I have a couple Docs that see patients to establish primary care. On some visits, they treat the patients and on some they are only establishing care and do not perform services. On the visit to establish that services are performed, can this be billed as preventative? And on the one that is establishing and not performing services, can this be billed as a minimal?


----------



## thomas7331

This issue is brought up frequently in the forum so you might do a search and see some of the responses that have been given.  My opinion has always been that 'establishing care' as a reason for a visit is not sufficient to support medical necessity for any service.  This is usually an education issue for providers and staff and I've always tried to teach providers that they should not use this wording.  If they are taking over management of a new patient with chronic problems or new complaints, or bringing in a new patient and performing a preventive service, then that's what should be documented.  You can't code or bill a service that is performed solely for the purpose of meeting a patient and creating a medical record at a new practice.


----------



## erjones147

I do not have the exact reference handy, but either the Medicare Benefit Policy Manual or the Medicare Program Integrity Manual or the 95/97 Guidelines specifically says that the term "Establish Care" is not a proper Chief Complaint. I am looking at a HRSA document using Medicare resources, but the HRSA document does not properly cite specific sources

If anyone knows the exact primary reference, I would love to have it so I can print it for my Medical Director. I trust HRSA, but there's something about "CMS" that makes ppl take notice


----------



## twizzle

erjones147 said:


> I do not have the exact reference handy, but either the Medicare Benefit Policy Manual or the Medicare Program Integrity Manual or the 95/97 Guidelines specifically says that the term "Establish Care" is not a proper Chief Complaint. I am looking at a HRSA document using Medicare resources, but the HRSA document does not properly cite specific sources
> 
> If anyone knows the exact primary reference, I would love to have it so I can print it for my Medical Director. I trust HRSA, but there's something about "CMS" that makes ppl take notice



'Establish Care' is definitely a chief complaint. I will provide a reference later. How many patients relocate somewhere and want routine medical care? They don't have to be sick to try and stay healthy.


----------



## CodingKing

twizzle said:


> 'Establish Care' is definitely a chief complaint. I will provide a reference later. How many patients relocate somewhere and want routine medical care? They don't have to be sick to try and stay healthy.

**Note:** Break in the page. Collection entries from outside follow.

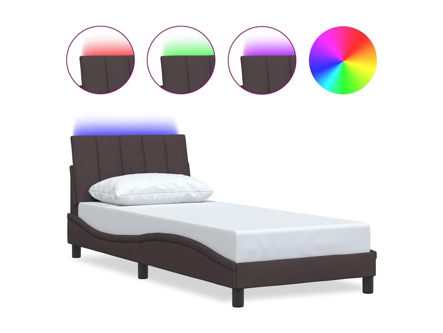 Bed met matras "Hanko" stof donkerbruin 90x190 cm
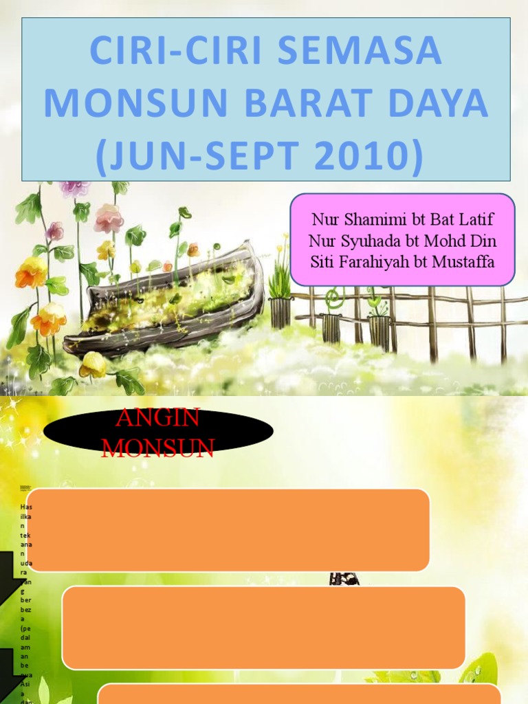 Pengertian angin monsun monsun merupakan sistem sirkulasi regional yang mempunyai variasi musiman dengan adanya gerak semu matahari terhadap bumi secara periodik di belahan bumi utara dan selatan menyebabkan angin di wilayah indonesia sangat dipengaruhi oleh adanya perbedaan sel tekanan tinggi dan sel tekanan rendah di benua asia dan australia secara bergantian. Angin monsun ini kemudiannya akan dibiaskan ke kiri setelah merentasi khatulistiwa dan memasuki hemisfera selatan akibat daripada tindakan daya koriolis dan kemudiannya akan menjadi angin monsun barat laut. Akhirnya terjadilah hujan di sebagian besar wilayah indonesia.
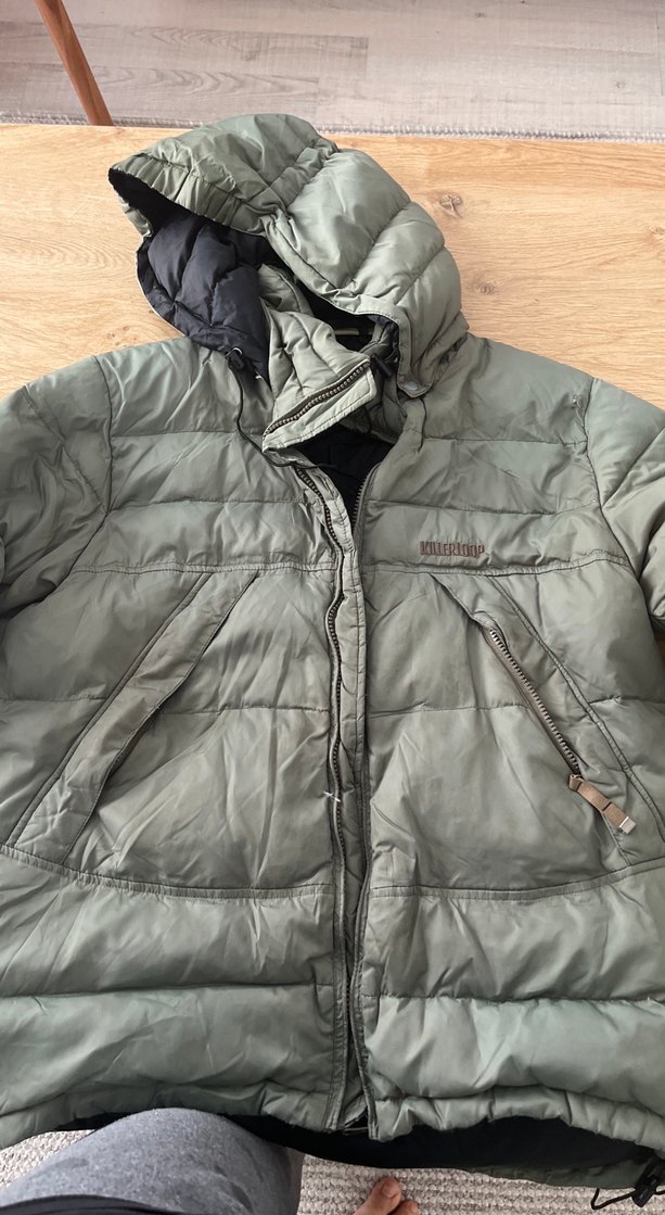 Yeşil kapüşonlu ve fermuarlı erkek kışlık mont. Yumuşak ve sıcak kumaştan, midi boy ve dar kesimdir. Outdoor kullanıma uygundur. Omuz kısmında yırtık var ufak

They also get an age appropriate physical which is medically necessary, its not the same as a get acquainted visit which does not follow the principals of preventive care and has no medical necessity behind it. My PCP wont see anyone until they have an age appropriate physical.


----------



## twizzle

CodingKing said:


> They also get an age appropriate physical which is medically necessary, its not the same as a get acquainted visit which does not follow the principals of preventive care and has no medical necessity behind it. My PCP wont see anyone until they have an age appropriate physical.



Yes, I agree with you. Of course, having trawled the internet for the requisite information, I can't get a straight answer. What I do know is that there are two ways to view 'establish care'. It can be a reason for a visit, no question about that, but what diagnosis would you use? The provider can basically provide a goodwill visit by just taking down pertinent information (such as demographics) but not performing what may be considered a face-to-face/any elements of an E&M and not submitting a claim or charging the patient. View this as providing good customer care. When the patient does come for their first proper visit, either a sick visit or a preventive visit, they will still be a new patient and you have a diagnosis code. 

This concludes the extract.